To answer your questions briefly:

(a) You shouldn’t in principle consider the determinant different from zero. The problem is, your proof breaks down in that case, so you need another way to prove it. How about this: for an “eigenmatrix” A, $T^2(A) = \lambda^2 A = (A^t)^t=A$. Then you conclude (for example, by looking at any component of A different from zero, if thinking about numbers is easier than matrices).

(c) I will give a quick answer that is more general (i.e. valid in dimension n, not just 2).

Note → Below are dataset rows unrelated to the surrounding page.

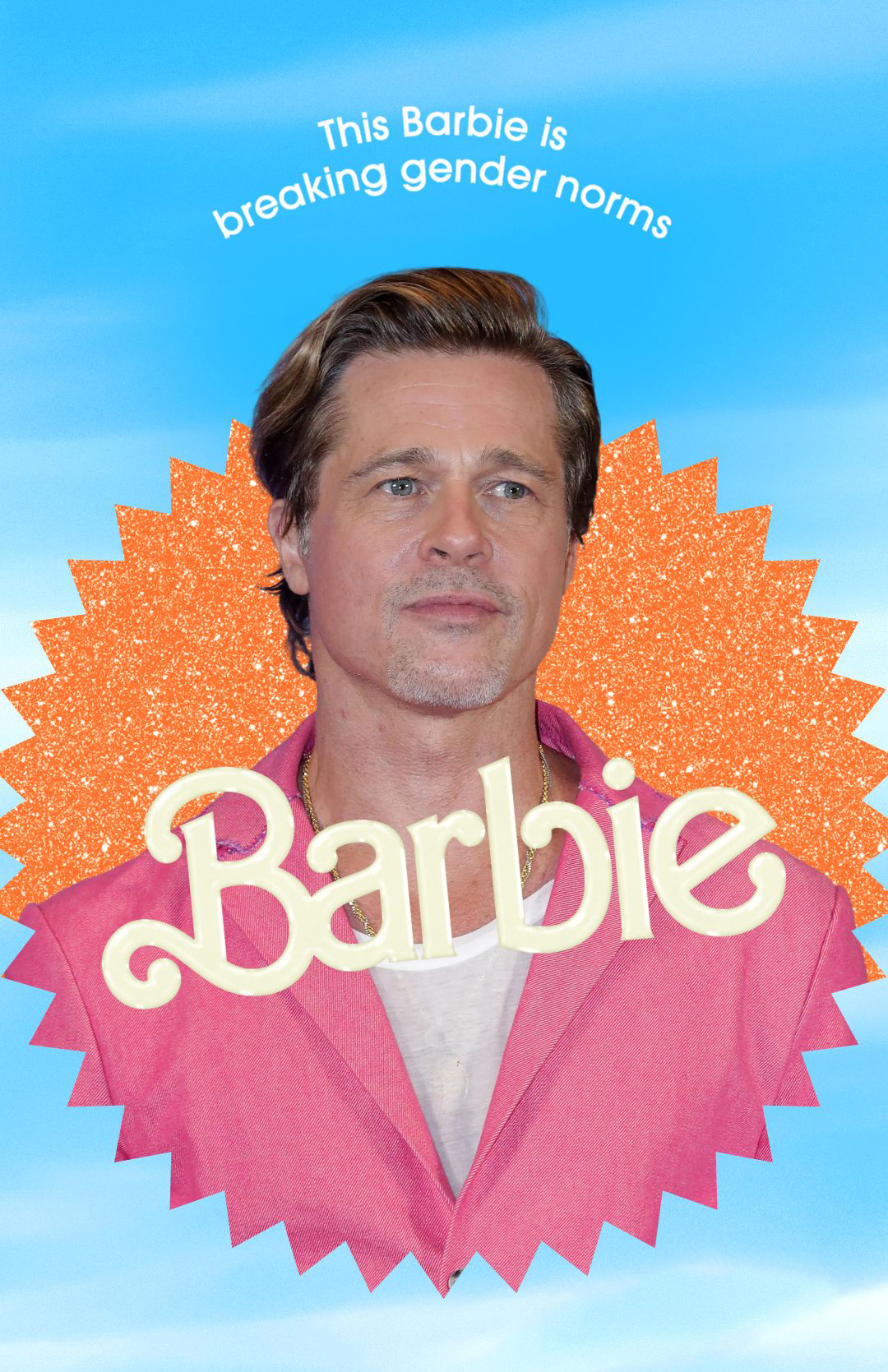 Created with the Barbie Selfie Generator, this artwork shows Brad Pitt in a Kencore mood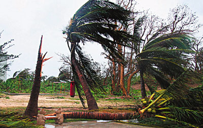 ■海口永興島上的椰子樹被颱風吹得七零八落。 新華社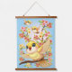 Niedliche und glückliche Vögel unter Frühlingsblum Wandteppich Mit Holzrahmen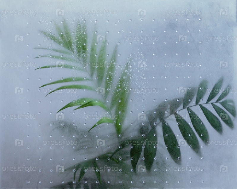 Пальмовые листья за замерзшим стеклом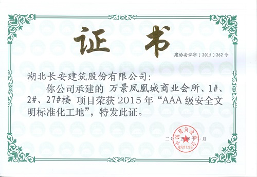 萬景鳳凰城商業會所、1#、2#、27#樓榮獲2015年“AAA級安全文明標準化工地”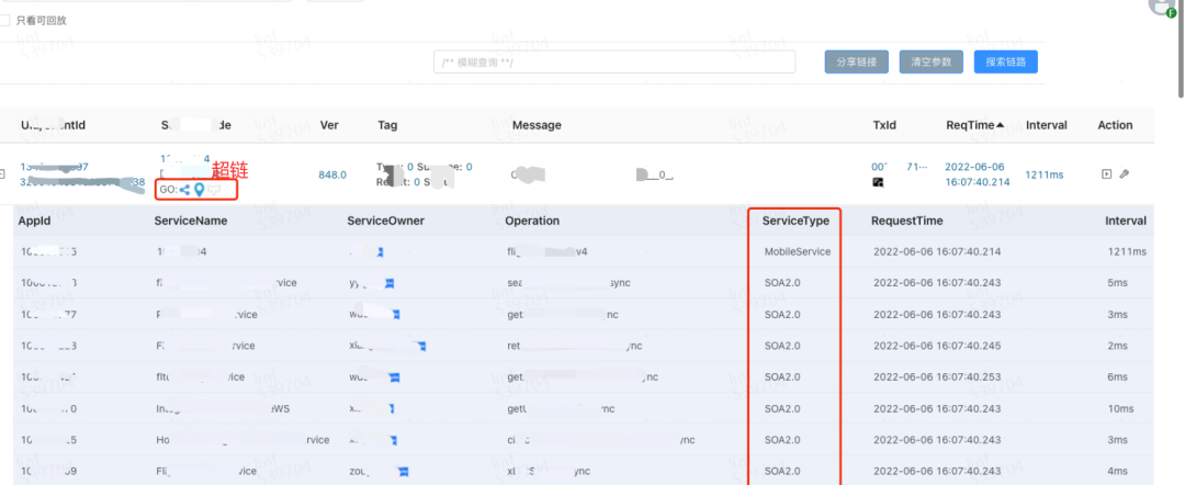 比如在分析服务日志的同时需要查询用户的UI访问日志,需要在两个平台间跳转,并且平台的搜索数据无法同步。为了解决该问题,Trace系统采用了外链的形式进行聚合并关联单次查询的搜索数据,如时间和用户标志等,进行多平台之间的传递,从而达到数据串联的效果。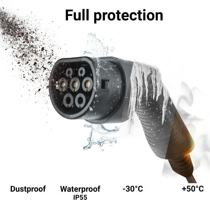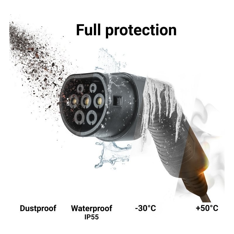 Kabel GC Type 2 możesz bez obaw zabrać ze sobą w podróż po całej Europie. Gniazdo typu 2 jest standardem kompatybilnym z praktycznie wszystkimi stacjami ładowania. Dla pełnej wygody użytkowania producent zadbał również o dodatkowe kwestie takie jak optymalna długość kabla 5 m pozwalająca na dosięgnięcie każdej stacji oraz niska waga 4 kg.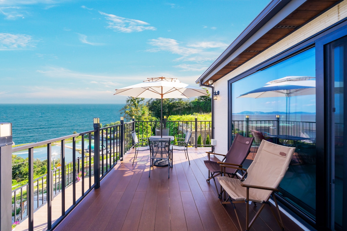 전망 좋은 바닷가 언덕 위 미술관 닮은 단독 별장입니다. 고급 지며 세련됐습니다. 230평 대지에 본 채 외 부속 편의 시설인 건물 3동 포함 80평의 공간입니다. 최고급 자재로 정갈하게 지어진 TV속 보던 별장 식 펜션 입니다. 언제나 청결한 흰색 침구와 화장실은 기본이며 본체 외 넓은 정원과 수영장, 카페겸 식당, 유리 온실 같은 바베큐장이 준비 되어 있고 별도의 비용 지불 시 독립 공간인 뜨끈한 구들동이 있습니다. 이곳은 장작을 지펴 구들을 뜨겁게 데우는 준 한옥식 별채입니다 옥상은 넓고 바다를 품을 수 있게 탁 트여 있습니다.걸어 5분 거리에 예쁘고 한적한 해변이 있고 물이 빠지면 조개잡이 체험 가능합니다. 본체 거실엔 최고급 벽난로가 준비되어 있어 환상적인 불꽃을 보실 수 있고 카페에도 작은 벽난로가 설치되어 밤새 불멍을 즐기실 수 있습니다 내, 외부에는 12이상 즐기실 수 있는 바베큐장과 모닥불을 지피실 수 있는 넓은 정원이 있습니다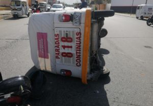 Playa del Carmen.- Por circular a exceso de velocidad, el conductor de un moto taxi ocasionó un accidente de tránsito, en el fraccionamiento Villas del Sol, en el que no hubo lesionadas, sólo daños materiales.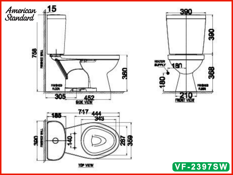 Bản vẽ kỹ thuật bồn cầu nắp rửa cơ American Standard VF-2397SW
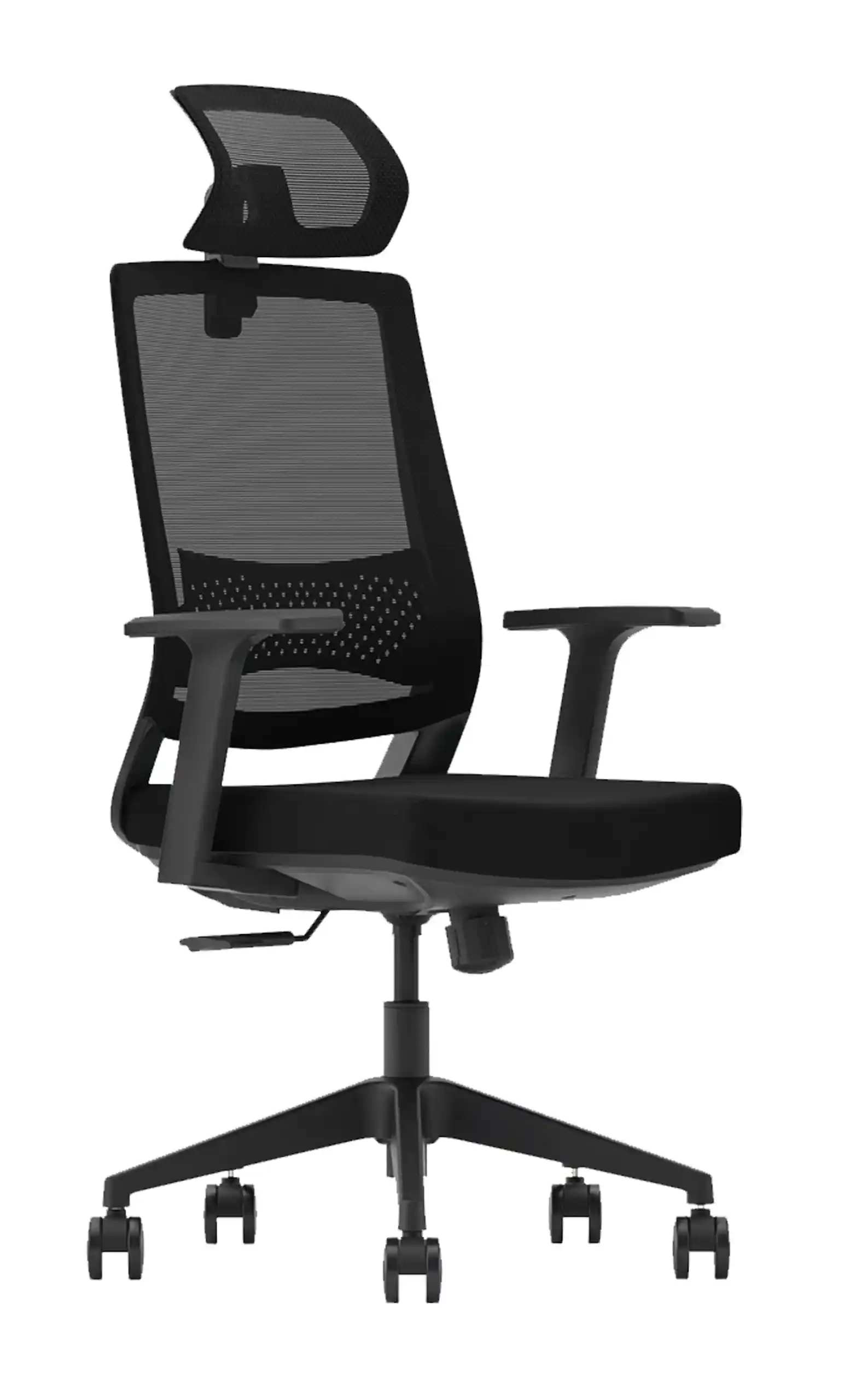 Respaldo mesh en color negro. Asiento con esponja inyectada en tela color negro. Brazos fijos en forma T. Giratoria con base de 5 rodos. Ajustable en altura por medio de shock. Apoya cabezas, soporte lumbrar. Garantía de 3 años. PESO DE SOPORTE RECOMENDADO: 200 LIBRAS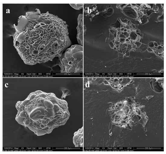 The surface and cross-section morphologies of T/C microspheres (a,b) and cellulose microspheres (c,d).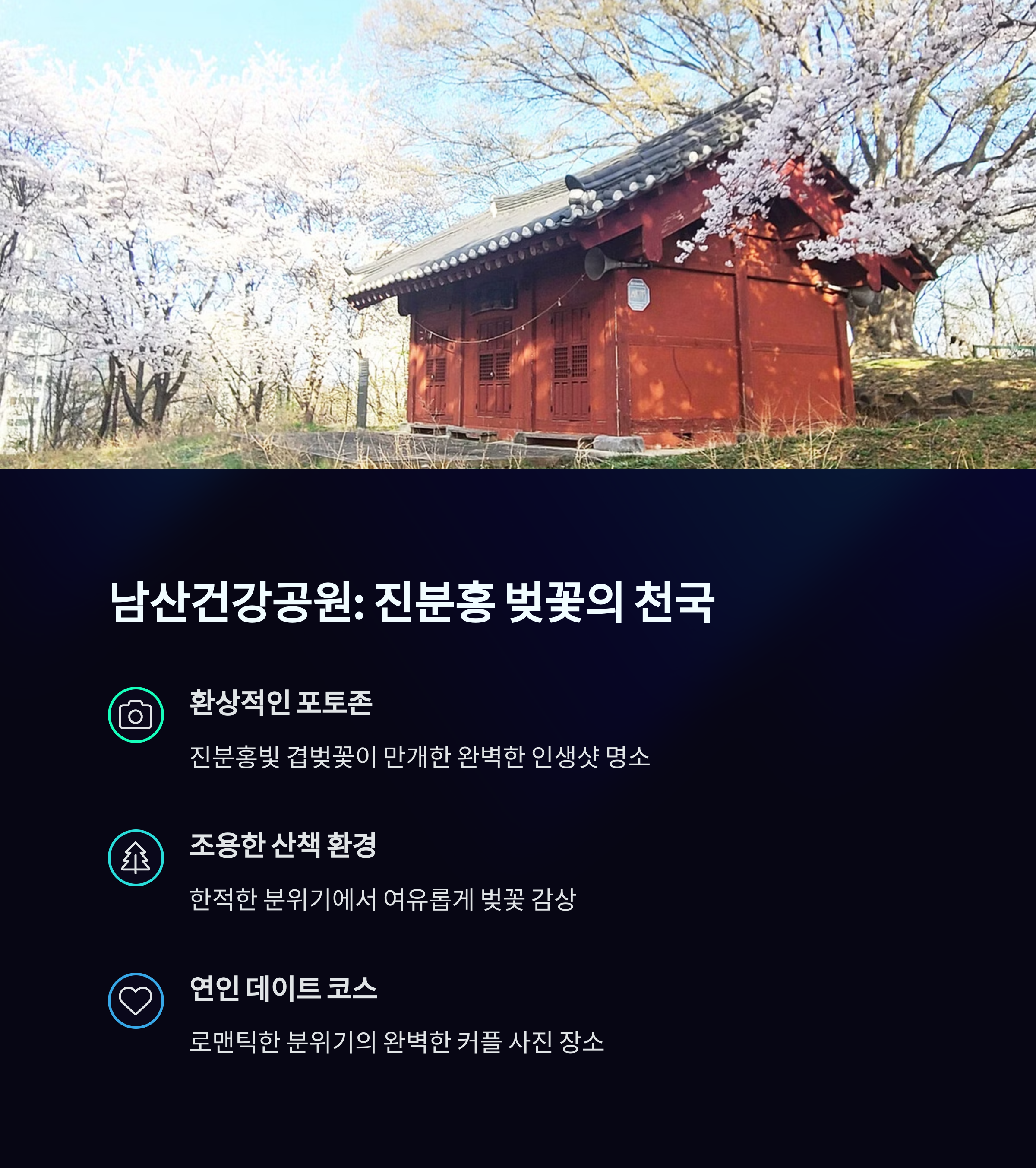 겹벚꽃 시즌이 되면 남산건강공원은 분홍빛으로 물든 풍경 덕분에 당진 시민들 사이에서 조용한 벚꽃 명소로 알려집니다. 일반 벚꽃보다 화사하고 풍성한 겹벚꽃이 피어나며, 군데군데 놓인 벤치와 포토존 덕분에 산책 중 사진을 남기기에도 좋습니다. 복잡하지 않고 한적한 분위기 속에서 봄을 만끽할 수 있어, 가족 단위는 물론 혼산·혼캠을 즐기는 분들에게도 추천할 만한 장소입니다.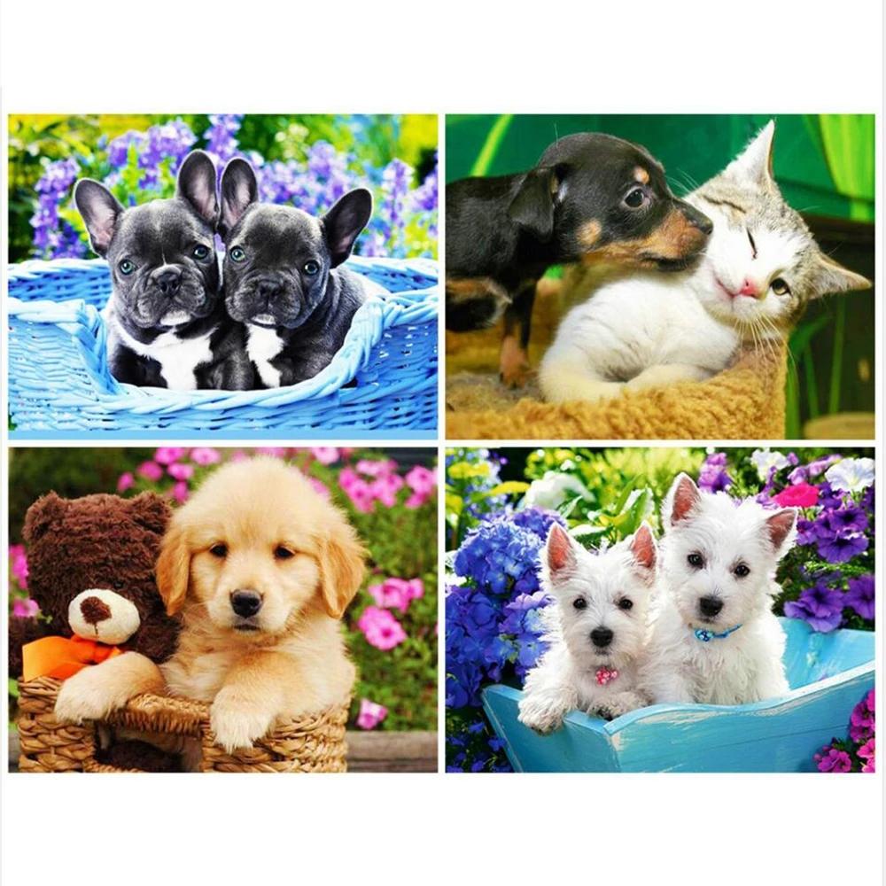 5D DIY Алмазная картина Счастливая собака играет Алмазная вышивка Набор для вышивки крестом Полный горный хрусталь Мозаика Домашний декор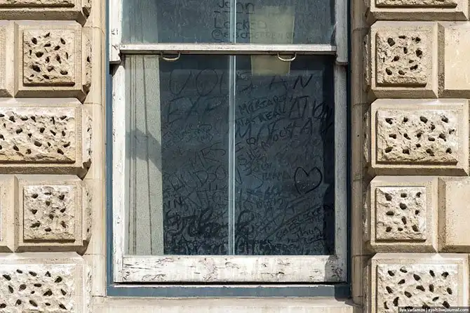 Грязные окна больницы тоже хранят послания фанатов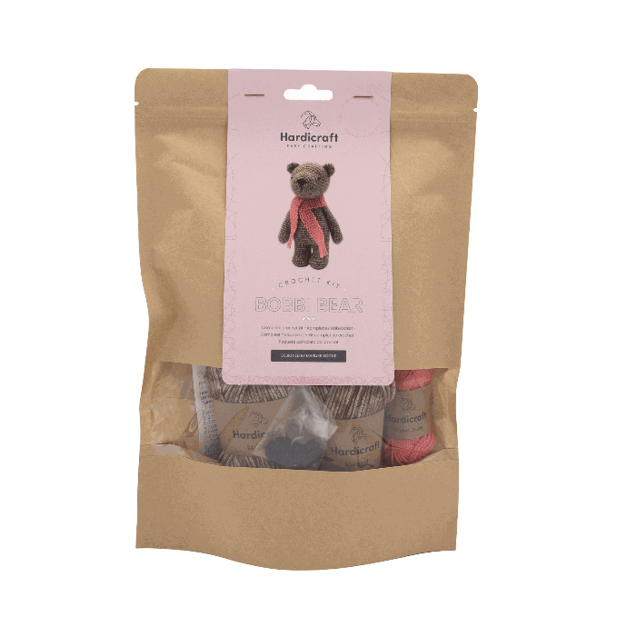 Was für ein hübscher kleiner Bär! Bobbi ist ein Klassiker, was ihn zu einem tollen Geschenk für deine Lieben oder für dich selbst macht. Dieses Paket enthält hochwertiges meliertes Garn, rotes Baumwollgarn und alle Kurzwaren, außer der Häkelnadel, welche du brauchst. Bobbi ist etwa 20 cm groß und wird mit einer 3,0 mm Häkelnadel gehäkelt.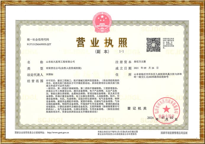 资质包括华体会(中国)中心供氧系统、华体会(中国)中心负压吸引系统、医护对讲系统、医院氧气管道华体会(中国)气体工程安装、医疗气体系统工程、医院手术室净化工程、层流洁净手术室装修、实验室建设装饰净化工程、无尘车间净化工程设备的生产加工、批发销售与安装施工资质(部分资质文件未展示,可索取查阅)。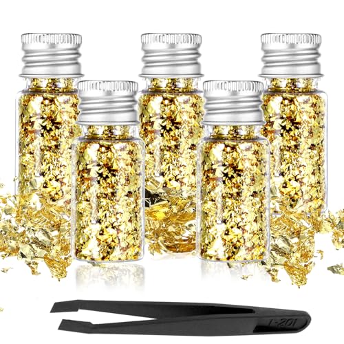 PEOVLVN 5 flaskor ätbara guldflingor, guldblad tårtdekoration guldbladslakan för matlagning efterrätt bakning guldfolie chokladdekor guldflingor för naglar konst hantverk smink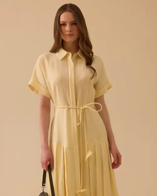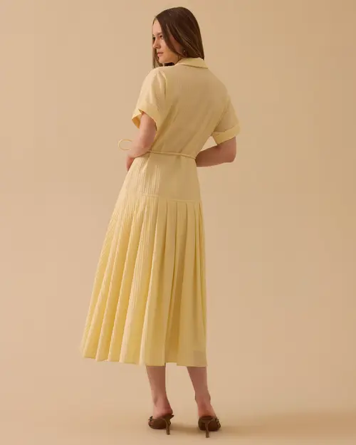 Striped Pleated Belted Dress offers a feminine style with its elegant lines and belt detail.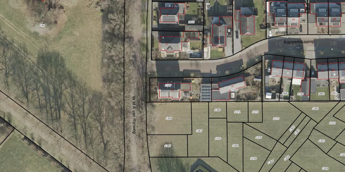 Gebruik de zoekbalk of klik op een perceel voor informatie over de adressen binnen dit perceel.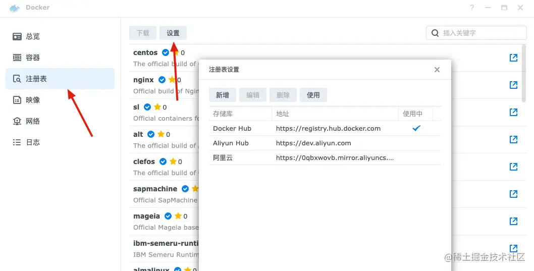 打开Docker套件,点击注册表,在弹框中新增对应的Docker源即可,具体有哪些源可以设置,大家可以自行百度即可。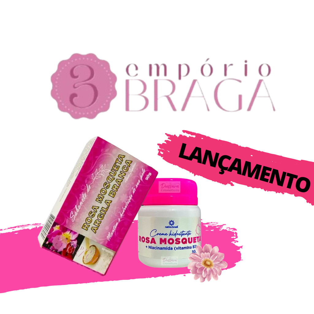 Kit Rosa Mosqueta Sabonete + Creme Hidratante Clareador Natural de Pele (2 itens)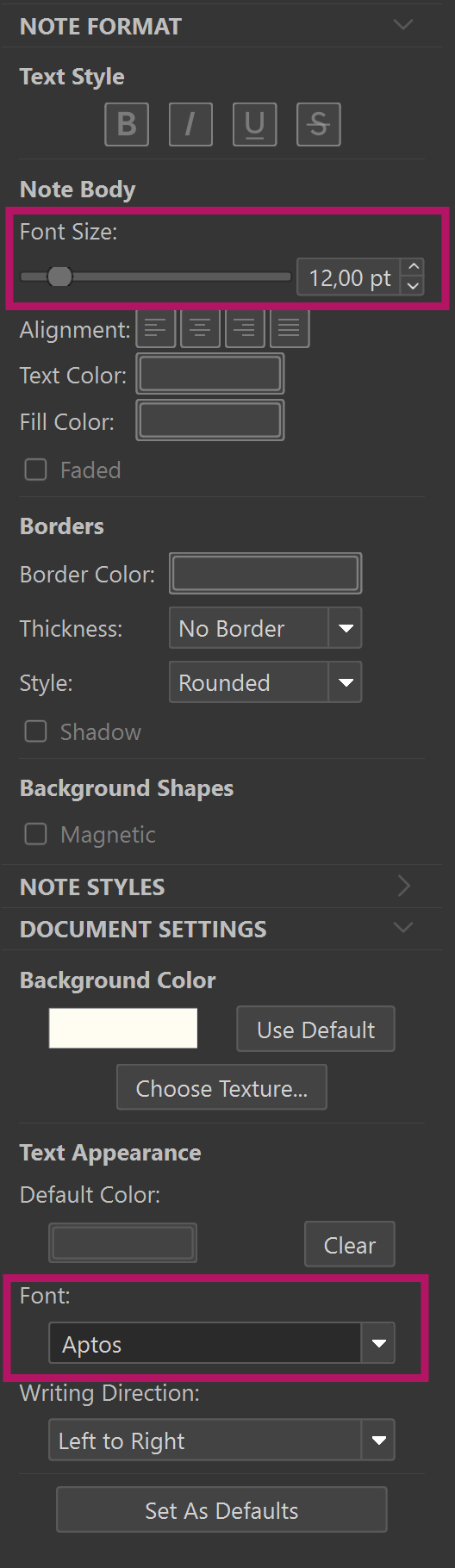 Is there a way to change the font on a single note and not change the font on all other notes?

Pick a basis $\{e_i\}$ of your space, and its correspondent dual basis $\{\theta_j\}$, i.e. $\theta_j(e_i) = \delta_{ji}$. Define $E_{ij}:=e_i\otimes\theta_j$, i.e. the operator defined by $E_{ij}(\sum_kv_ke_k) = v_je_i$, or if you wish, the matrix with a 1 in position (i,j) and zeroes everywhere else (in the basis ${e_i}$, of course). These operators clearly form a basis of the space of operators.

Now, the basis you're looking for needs to be made of symmetric or antisymmetric operators, so you can define it with operators of the form $E_{ij} + E_{ji}$ (for all $i$ and $j$) and $E_{ij} - E_{ji}$ (for $i \neq j$). A moment's though can convince you that this works.